Our retrospective analysis contained several limitations such as the use of different FAPI ligands; nonetheless, these derivates share a common backbone, and thus early-phase biodistribution and tumor uptake seem to be still comparable regarding diagnostic evaluation. However, FAPI-04 and FAPI-46 are indeed characterized by longer tumor retention time 1 h p.i., compared with FAPI-02, yet this aspect is solely relevant for FAP-targeted radionuclide therapy and hence not of essence in this analysis [1315]. Due to the limited number of patients, no subgroup analyses regarding a comparison with 18F-FDG as well as correlation with histologic classification and BRCA1/2 mutation status for the same tumor type were possible. The latter, combined with a limited amount of FAPI and FDG scans, highlights the inevitable necessity for more precise analyses of patients with gynecological malignancies in order to evaluate the significance of our theses. Physiological endometrial FAPI uptake may also vary during the menstrual cycle, which limits our analyses, as evaluation of FAPI uptake in correlation with different menstrual phases was beyond the scope of this work. Additionally, only 29 out of 31 tumors were biopsy proven, representing a limitation of this study.
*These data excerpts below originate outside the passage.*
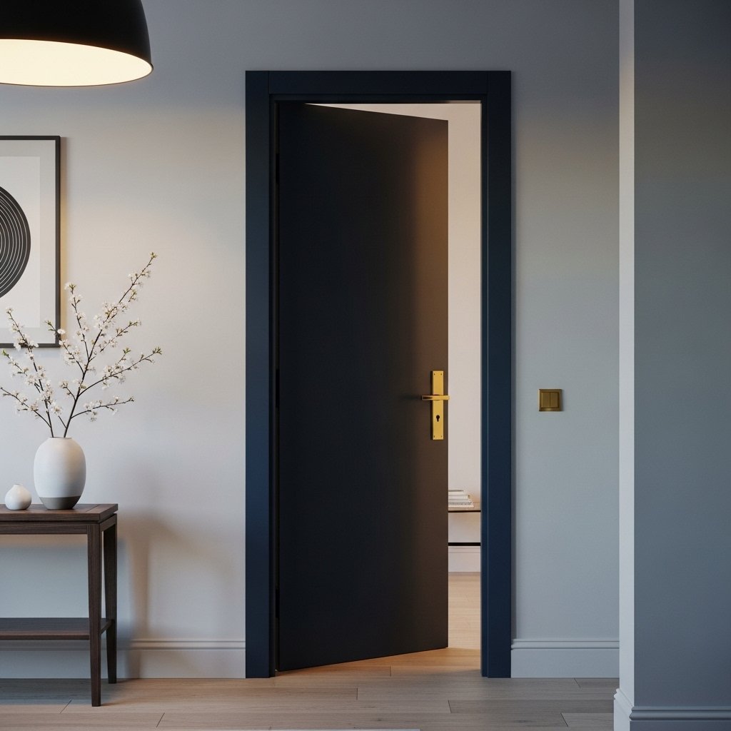 Dark navy doors offer a unique alternative to traditional black or brown options. This color adds depth while still feeling soft and sophisticated. Navy pairs beautifully with gold or brass hardware for a luxurious finish. It works well in coastal, modern, or classic interior themes. This dark doors interior idea is perfect for those who want color with subtle boldness.
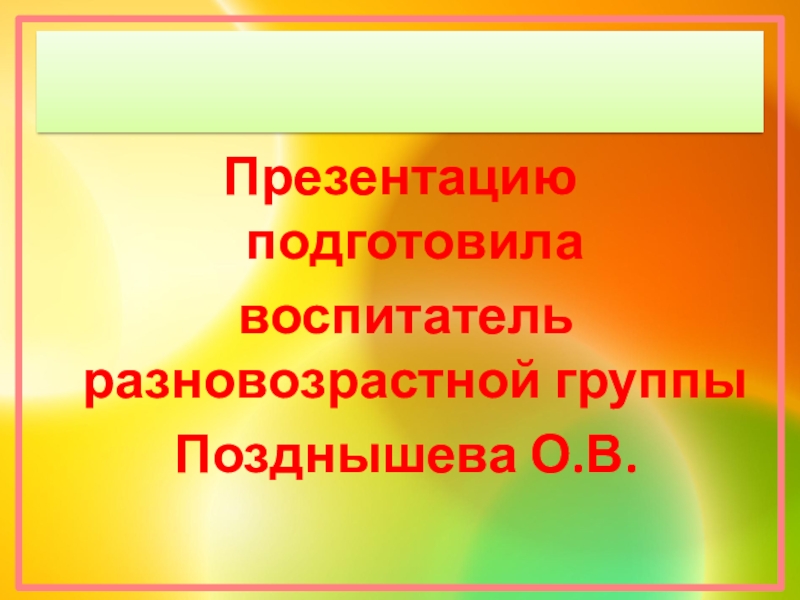 Презентацию подготовила воспитатель разновозрастной группы Позднышева О.В.
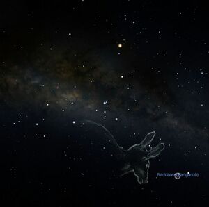 Bandaarr is Kamilaroi/Euahlayi for Kangaroo, and this kangaroo is located under the belly of the Emu in the Milky Way, looking away from the Emu. Bandaarr is either a grey or red kangaroo, depending on the culture, and has significance in ceremony.[1] The belly of the Emu is formed by dark clouds in the Milky Way, and "under" it, where the legs of the emu would be, is the area of the constellations mentioned above.
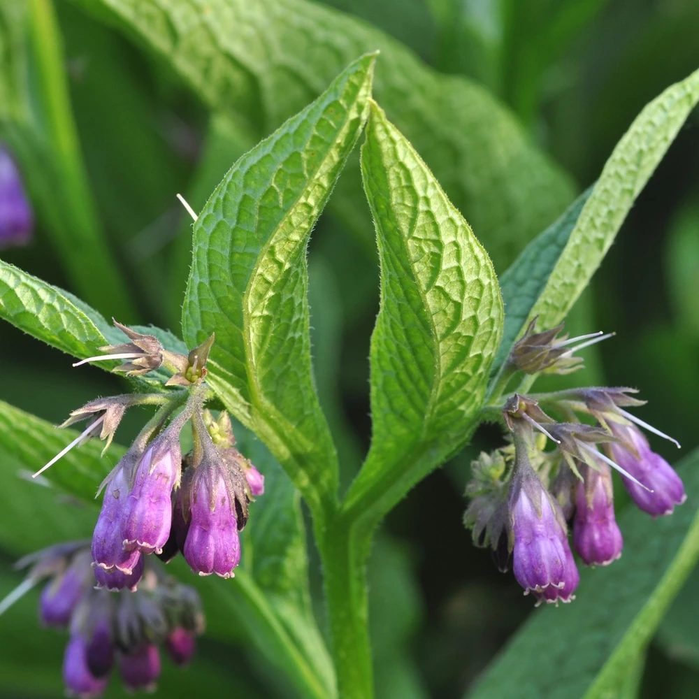 La consoude contient naturellement une grande quantité d'allantoïne dans sa racine, une molécule qui stimule la multiplication cellulaire, régénère l'épiderme et favorise la cicatrisation rapide des plaies.
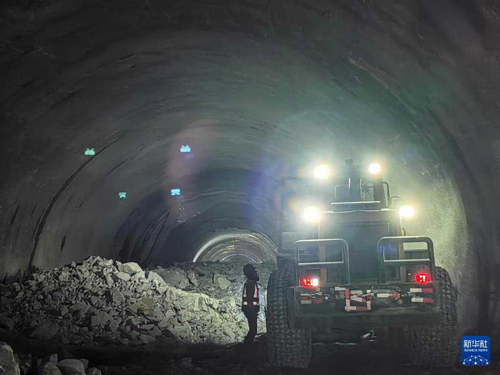 12月16日,中鐵二十局施工人員在然烏隧道內施工。新華社發(劉強攝)
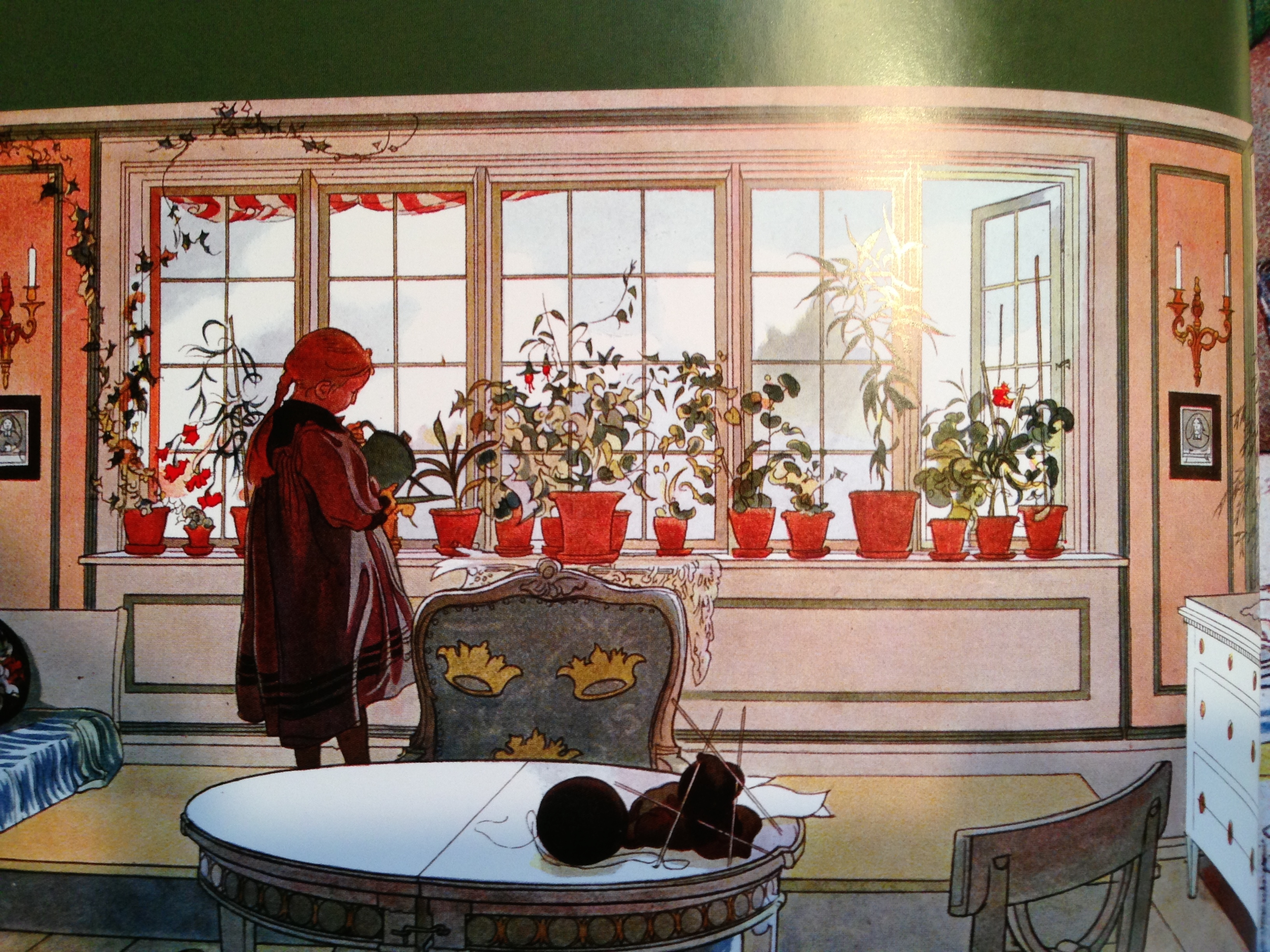 I saw this Carl Larsson painting this weekend and immediately wanted to repot my plants into unifying terra-cotta planters.
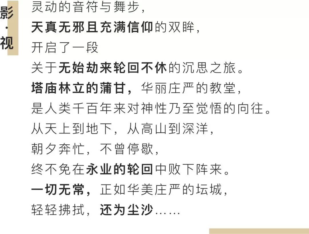 同样,每一帧都是摄影大片般的精美宏伟,但是风光和万象背后影片自有深意,镜头韵律不疾不徐,却直指人心,抵达灵魂深处。
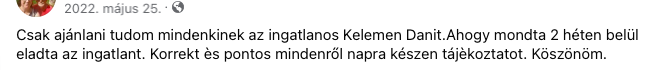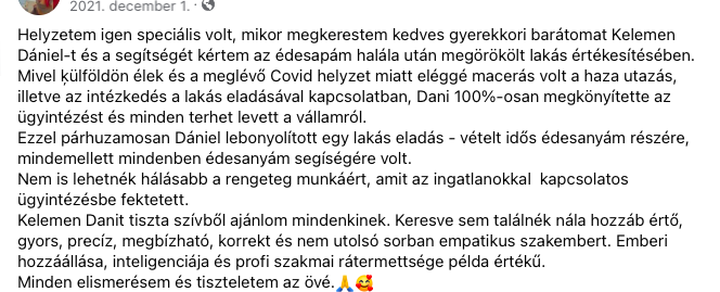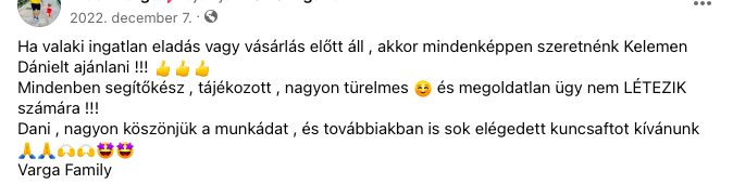 Kelemen Dániel vagyok, ingatlanközvetítő, több mint egy évtizedes, kiforrott szakmai tapasztalattal. Az évek során megszerzett tudásommal és átfogó kapcsolatrendszeremmel segítem ügyfeleimet a legjobb üzleti döntések meghozatalában az ingatlanpiacon. Célom, hogy minden ügyfelem a lehető leghatékonyabb és legjövedelmezőbb megoldásokat találja meg, legyen szó eladásról, bérbeadásról vagy ingatlanfejlesztésről.
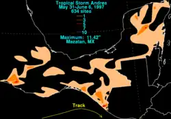 2. ^ a b c d e f g Rappaport, Edward N (June 18, 1997). Preliminary Report: Tropical Storm Andres June 1 – 7, 1997 (PDF) (Report). United States National Hurricane Center.

Further research regarding this topic is of essence, as it may assist in avoiding false-positive interpretations and findings.

Conclusion

68Ga-FAPI-PET/CT crystalizes as a highly promising tracer regarding staging and follow-up of gynecological malignancies, as it achieved high tracer uptake, sharp contrasts in primary and secondary lesions, and in addition, higher TBRs than 18F-FDG-PET/CT. Furthermore, the inner environment or normal hormone-responsive organs seem to influence FAPI uptake which is essential for precise and accurate interpretation of 68Ga-FAPI-PET/CT scans. Larger prospective studies will have to establish the precise sensitivity, specificity, and accuracy of 68Ga-FAPI in gynecological malignancies as well as the influence of external and internal hormonal stimulation on FAPI uptake.